Fistulas can become infected and can be treated with medicine.
In some cases surgery may be needed.
- Fissures are small tears that can happen
in the lining of the mucus membrane of the anus.
- Nutritional deficiencies or lack of age-appropriate
amounts of proteins, calories and vitamins can often be a
serious problem in children with Pedi Crohn’s disease. This
lack of nutrients can happen when children do not get enough
calories every day.
Children with Crohn’s can have other medical problems such
- arthritis or joint problems
- skin problems
- anemia or not enough iron in the blood
- osteoporosis or weak bones
- delayed growth
Some of these problems can get better during treatment for
your Pedi Crohn’s disease and others will need to be treated
Lack of growth or delayed development is
one of the most important health problems for children with
Pedi Crohn’s disease. This is because childhood is a time when
nutrition has the biggest effect on growth.
If you are not able to take in enough calories and nutrients
it will be difficult for your body to grow and develop at a
normal rate.
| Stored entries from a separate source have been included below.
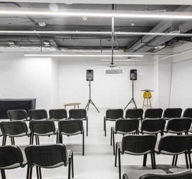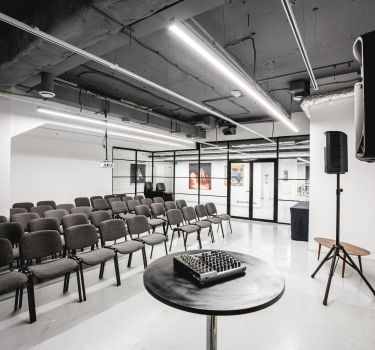 Cтильное пространство для лекций и мастер-классов, оформленное современным искусством. Идеально подойдет для презентаций, кинопоказов и воркшопов.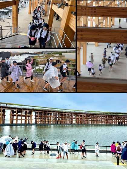 大屋根リングからの景色は圧巻で、雨の中でも子どもたちの歩みは軽いものでした。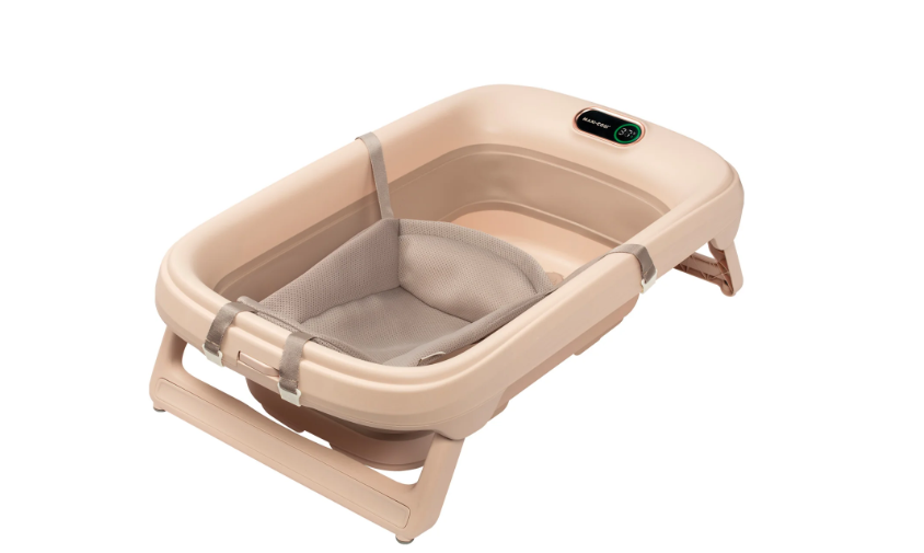 A estrutura dobra em segundos e permite guardar a banheira em espaços pequenos, e o gancho retrátil torna o armazenamento ainda mais prático.
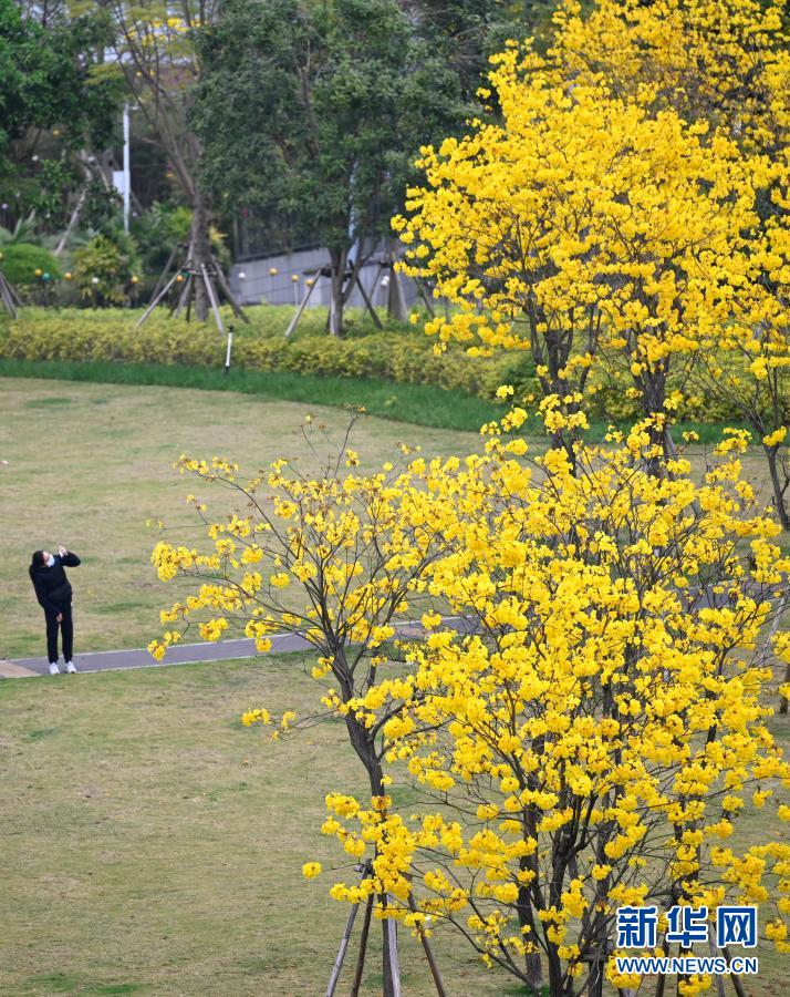 2月28日,游人在广西柳州市壶东大桥旁小游园里观赏黄花风铃木。
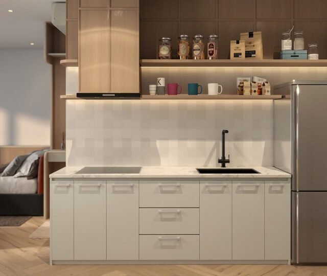 Air-conditioning, TV, fridge, and basic kitchen setup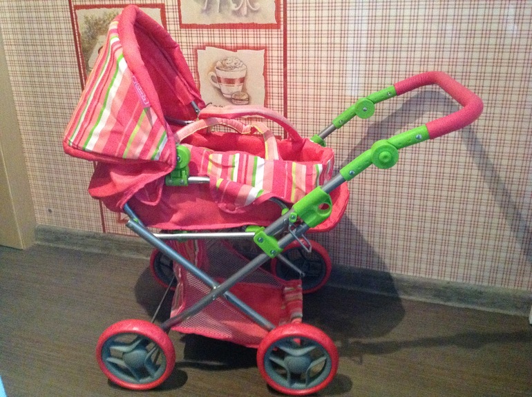 Вчера все таки купила эту колясочку для моей малышки. Коляска хороша. Колеса из вспененой резины, спинка, подножка и капюшон регулируются в разных положениях, текстиль съемный, можно и постирать, имеется корзина для "покупок". Ну прямо как настоящая коляска! В общем я очень и очень довольна приобретением. Тем более вопрос кукольной коляски у нас уже стоял очень остро, а тут такой подарок от детского мира за 800 с хвостиком.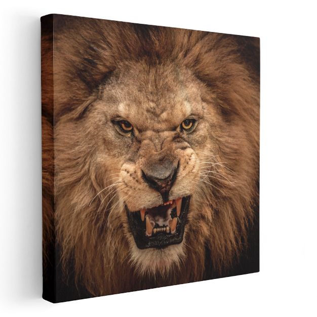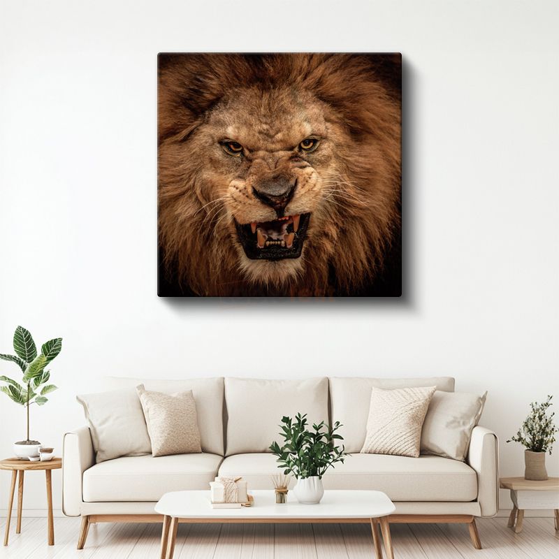 Kükreyen Aslan - Ormanlar Kralının Güçlü Portresi Kanvas Tablo
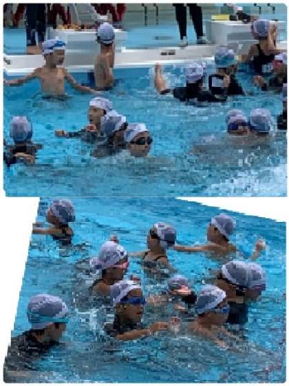 水泳学習の最終日となるので、最後は、みんなが楽しめる「宝物探し」をしました。プールの中に沈んでいるキューブを見つけて集めていきます。2チームの対抗戦ですが、とても楽しんでいました。活動の最後には、楽しませてくれたプールに「ありがとうございました!」を伝えて、今年の水泳学習が終了しました。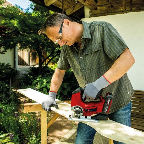 Die Akku-Stichsäge TE-JS 18 Li – Solo ist ein kraftvolles Gerät für vielseitige Sägearbeiten. Der zuschaltbare Pendelhub sowie die hohe Laufruhe ermöglichen schnelle, präzise Schnitte. Die werkzeuglose Universal-Sägeblattaufnahme spart kostbare Zeit, während die integrierte Kunststoff-Gleiteinlage empfindliche Werkstücke schont.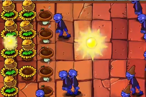 2、先在左侧种植两列向日葵花盆和阳光向日葵。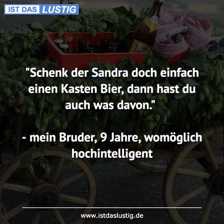 Auf Facebook teilen Vorige Folgende "Schenk der Sandra doch einfach einen Kasten... Autor des Artikels : istdaslustig Zum Original-Artikel "Schenk der Sandra doch einfach einen Kasten Bier, dann hast du auch was davon." - mein Bruder, 9 Jahre, womöglich hochintelligent Hier geht es zum Artikel Mehr Lustiges auf www.istdaslustig.de Auf Facebook teilen Vorige Folgende Das könnte Ihnen gefallen Mehr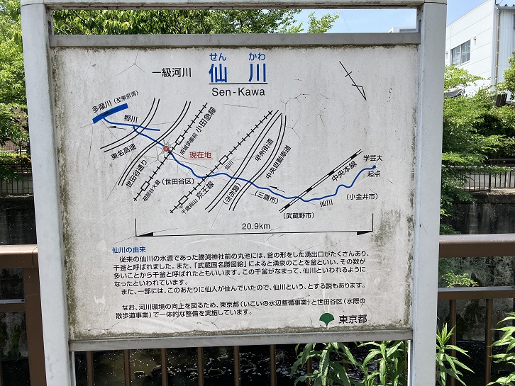 従来の仙川の水源であった勝渕神社前の丸池には、釜の形をした湧出口がたくさんあり、千釜と呼ばれました。また、「武蔵国名勝図絵」によると湧泉のことを釜といい、その数が多いことから千釜と呼ばれたともいいます。この千釜がなまって、仙川といわれるようになったといわれています。また、一部には、このあたりに仙人が住んでいたので、仙川という、とする説もあります。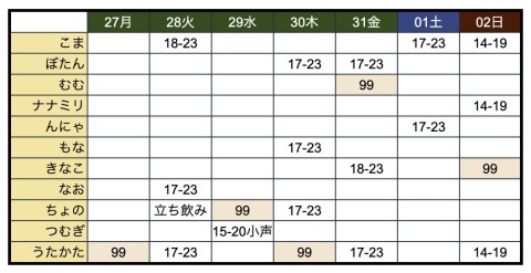 | 営業時間 | 18:00〜 | ||||||||||||||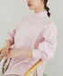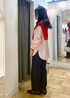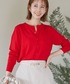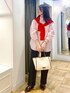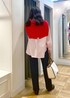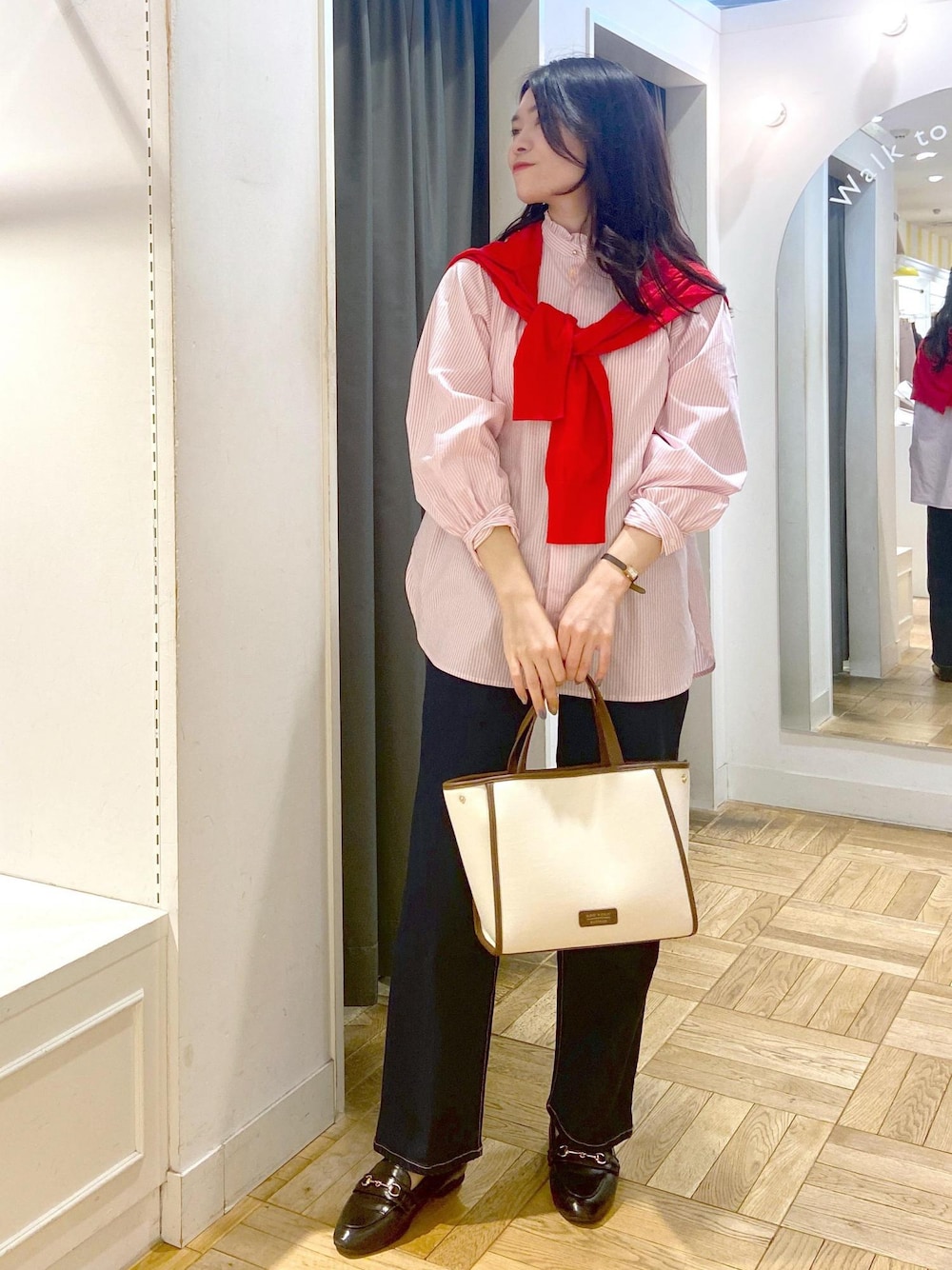 ピンクのストライプシャツが目立つようにコーディネートしてみました。 赤のカーディガンを肩かけしてアクセントに◎

It is very important that the symptoms of this
problem be found early and treated so that your growth can
return to normal.
Treatment of your Pedi Crohn's disease can include
- nutrition supplements
- combination of these
The goals of treatment are to
- control inflammation,
- correct nutritional deficiencies
- relieve and/or control symptoms
Treatment of your Pedi Crohn’s disease can depend on
- where the disease is and how serious it is
- other complications
- whether or not you have responded to other treatments
Symptoms can be well-controlled with proper treatment and
it is very important to make sure that you take the treatments
prescribed by your healthcare provider.
Remember that treatments
work best when they are taken exactly as your doctor explained
to you and on a regular schedule.
Your parents need to know right away if you have any of the
symptoms in this list.
- temperature above 101 degrees F
- stomach pain or cramps that are worse than usual and do
not go away
- more than the usual number bowel movements in a day
- a change in the consistency of your bowel movements
- blood in the bowel movement or a change in the amount of
- new rectal pain
- throwing up for more than 3-4 hours
- vomit that has bile in it (yellow/green color)
- bloated stomach
- tiredness that doesn’t go away
- rashes, especially on the lower legs
- swelling or pain in the joints
- swollen or red eyes
- mouth sores and ulcers
Remember, you know your body. Trust your judgment. If
you are feeling something that you are not sure about or that
makes you feel uncomfortable, let your parents know right away.